So mighty Ballinger computes the new sales price for the next batch of widgets—and with great guile sells the whole production to itself.

And, in the terribly important and significant annual report, the total unit costs of each of several hundred different products, multiplied by the total in each order, must, of course, exactly match the total operating expense of the Hillton Metal Products Division of the Ballinger Corporation.

And there is, of course, one other little function above and beyond merely keeping track. That is, by report and memorandum, call attention, in a severe and acerbic way, to those areas where costs are climbing too rapidly, and those areas where it would appear that a saving might be effected—without alienating entirely the devoted gentlemen in Production, Purchasing, Engineering, Design, Maintenance, Labor
Relations, Inspection, Stock Control, Storage and Shipment.

Watchdog all potential leaks because, should in the next reporting period an identical widget cost $1.4338, that is a serious matter. It is a 3% jump in the cost of making widgets in a reporting period when overall production costs advanced a mere .07%.
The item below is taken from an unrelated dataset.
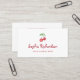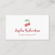 These stylish business cards feature a cute, whimsical red cherry fruit watercolor illustration with green leaves and elegant red vintage script for a chic and simple retro design. There is a scannable QR code on the back.
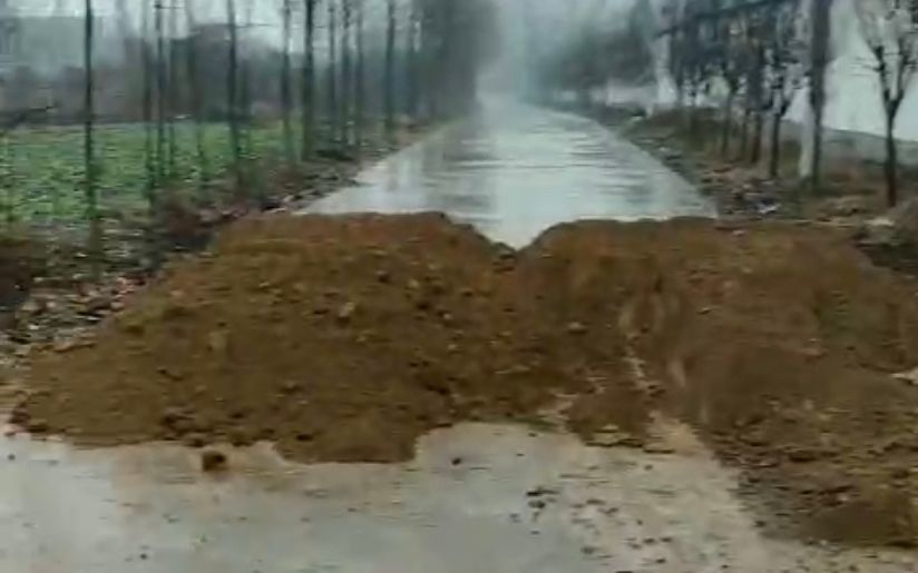 周口市扶沟县十里店村用土堆封路。受访者供图

And what makes a widget stand out like a sore thumb? Too much scrap or too many rejections? Clamp down on Production or Inspection. Someone must explain. Ah ha! Now we have it! Stock Control goofed. Submitted an incorrect report on the present level of Compacted Gezundamite in stock, and so to avoid an interruption of production, Purchasing had some flown in by air express, and the widget order was debited with the expense involved, thus raising the unit cost by 3%. Appended hereto is the buff copy of the report from Stock Control explaining the situation and what steps have been taken to prevent a recurrence in the future. A new reorder level has been set. There is every expectation that on the widget order now in process of production, the unit cost will drop to the approximate level reported on May 8th to your office, covering the April reporting period. Signed, Carl A. Garrett.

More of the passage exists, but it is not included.